Thursday, 19 May 2011


Ipomoea purpurea, or the Common Morning Glory, is not a native of the UK but is grown here for its pretty purple flowers. This   native of Mexico  and Central America (Wikipedia) is normally treated as an annual when grown from seed, and happily climbs and entwines itself round anything near enough for it to get it tendrils around. It appears, if you have ever grown a plant indoors, that it can detect a nearby object and then grows towards it; however I am sure it simply launches itself outward, so that at some point it finds a frame, whatever shape or form that may take, to wrap its tendrils around.  If the young seedlings grow near to each other they will entwine themselves around each other and thereby become very difficult to separate.
  The leaves of the morning glory are heart shaped and the twining stems hairy, unlike its near relatives the field and hedge bindweed whose stems have very little or no hairs. Ipomea’s seeds are said to have psychedelic properties, and are classified as poisonous by seed merchants. Both Ipomea purpurea and Ipomea tricolor contain LSA, (Lysergic Acid Amide) presenting an experience  said to be similar to LSD. Internet sources indicate that the seeds can be crushed, eaten or soaked and drunk, and will then provide an  intoxication lasting 4to 8 hours.   Evidently it was used by ‘Central American Indians in ceremonial and traditional ceremonies.’   Ipomea varieties also have a long history of use in  Mexico where it grows in a manner similar to the bindweed here in the UK, rapidly covering anything near enough to get its tendrils around. A full and in depth investigation of Ipomea’s narcotic use can be found at;
  According to Scott Cunningham (Encyclopedia of Magical Herbs) the morning glory or bindweed (Ipomoea spp) are  masculine plants, classified as being under the influence of the planet Saturn;   the element water, and with powers over happiness and peace. Cunningham indicates that one can  ‘Place the seeds beneath the pillow to stop all nightmares. And also that grown in the garden, blue morning glories bring peace and happiness. The root of the morning glory, according to Cunningham, may be used as a substitute for High John the Conqueror root.’ Not sure that I agree with him on some of these points although the pretty trumpet flowers are a joy to behold.

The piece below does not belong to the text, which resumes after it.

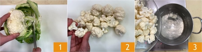Um die Nudeln mit Blumenkohl und Safran zuzubereiten, reinigen Sie zuerst den Blumenkohl: Entfernen Sie die Blätter und den zentralen Strunk 1, dann teilen Sie die Röschen und schneiden Sie sie in kleinere Stücke 2. Bringen Sie einen Topf mit gesalzenem Wasser zum Kochen, geben Sie die Blumenkohlröschen hinzu und kochen Sie sie 5 Minuten lang 3.

  It is the Ipomea purga also called Ipomea Jalapa or Jalap Bindweed that he is  known as High John the Conqueror root or the jalap bindweed This a native of South America, whose ‘tubers, varying in size from a walnut to an orange, are dark, umber-brown in colour, and much wrinkled.’ (Mrs Grieve) Cunningham places  this variety under the planet Mars and allocates it the element water, used for success with 'money, love, happiness' and to bring 'success'.
  According to Mrs Grieve ‘All the Convolvulus family have purgative properties.’ She goes onto explain  that convolvulus scammonia (scammony) has a beneficial function as it ‘is used in homœopathy.’ However ‘there are three kinds of Convolvulus or Bindweed in our native flora.’  These she names as the ‘Field, Hedge, and the Sea Convolvulus.’  The Bindweed (field and hedge) is named as a common invasive plant here in the UK, however Mrs Grieve   points to Anne Pratt’s very interesting observations; (Flowers and their Associations ) ‘while some twining plants follow the apparent course of the sun and turn round the supporting stems from left to right, others like the large White Bindweed or Convolvulus, twine contrary to the sun, from right to left, and never otherwise; even if the gardener turn it in another direction, the plant, if unable to disengage itself and assume its normal bias, will eventually perish.’ As a plant that lives truly in the hedge, neither in the woodland or in the field, it’s possible associations I find, appear rather intriguing. The field bindweed on the other hand, can grow along the ground, choking out crops and covering grassland.
    It is also interesting to consider that ‘C. Batasas, the tuberous-rooted Bindweed,’ or sweet potato whose roots ‘abound in starch and sugar and produce a nourishing food.’ I have always found it amazing that within a genus of largely inedible plants there will be found one or two staple foods.